#### Work instructions:
Retype every line from the start of the data down to and including the line with "防衛省の輸送所要に即時対応す". Skip the pictures.

#### Dataset section:
******************************
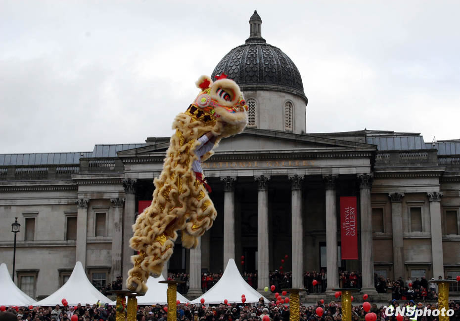 當地時間2月21日,亞洲之外最大規(guī)模的春節(jié)慶祝活動——倫敦春節(jié)慶典在倫敦特拉法加廣場、萊斯特廣場及倫敦華埠舉行,圖為當地僑社舞獅團表演的“梅花樁”,令現場數萬觀眾發(fā)出驚嘆。 中新社發(fā) 魏群 攝
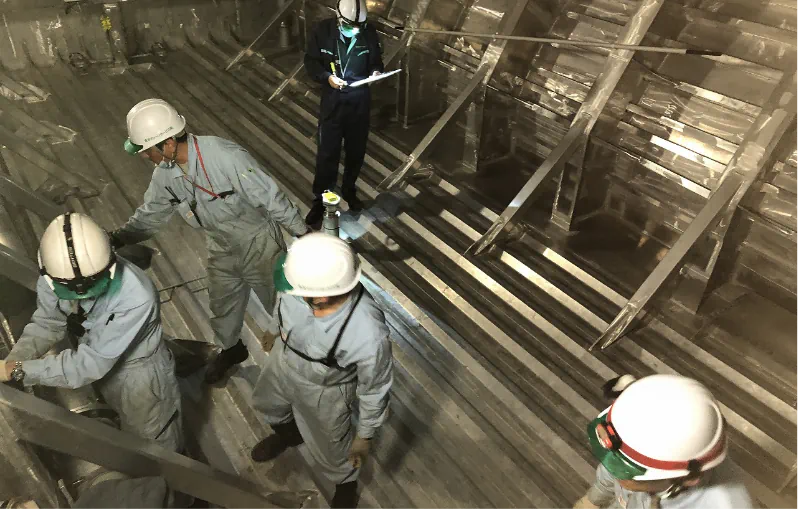 防衛省の輸送所要に即時対応するためナッチャンWorldの保守管理をしています。船陸で連携し、本船の状態を把握して適切な整備計画を策定していますが、入渠などの定期整備に加え、乗組員による日々の点検整備を通じて常時待機態勢を保っています。乗組員は当直を除き、毎日本船至近の自宅から本船へ通い業務に当たっています。
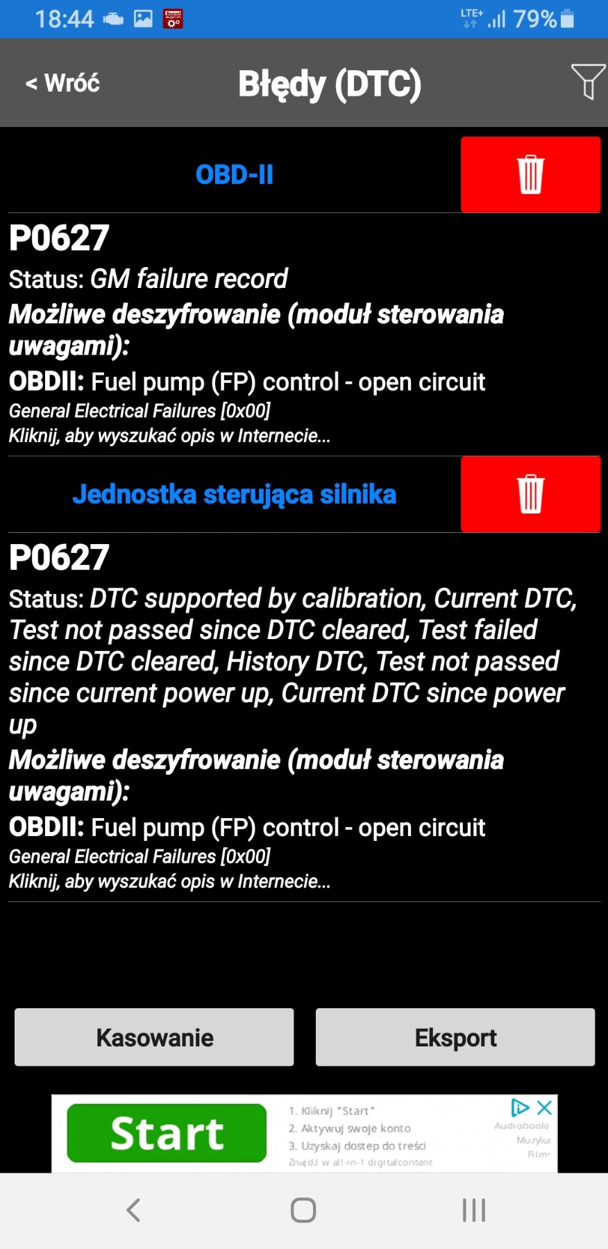 Niestety dzisiaj mimo usilnych starań w przekazaniu nowych pomiarów diagnostyki, poległem na braku możliwości uruchomienia silnika i skasowania check engine. Po nocy zapiolem kleme i pompa paliwa nie ruszyła. Brak zasilania pompy. Bledow dołączonych na zdjęciach nie udało się niczym usunąć. Oczywiście przekaznik pompy paliwa poprawiałem i zmienilem na drugi.
******************************
#### Task result:
 當地時間2月21日,亞洲之外最大規(guī)模的春節(jié)慶祝活動——倫敦春節(jié)慶典在倫敦特拉法加廣場、萊斯特廣場及倫敦華埠舉行,圖為當地僑社舞獅團表演的“梅花樁”,令現場數萬觀眾發(fā)出驚嘆。 中新社發(fā) 魏群 攝
 防衛省の輸送所要に即時対応するためナッチャンWorldの保守管理をしています。船陸で連携し、本船の状態を把握して適切な整備計画を策定していますが、入渠などの定期整備に加え、乗組員による日々の点検整備を通じて常時待機態勢を保っています。乗組員は当直を除き、毎日本船至近の自宅から本船へ通い業務に当たっています。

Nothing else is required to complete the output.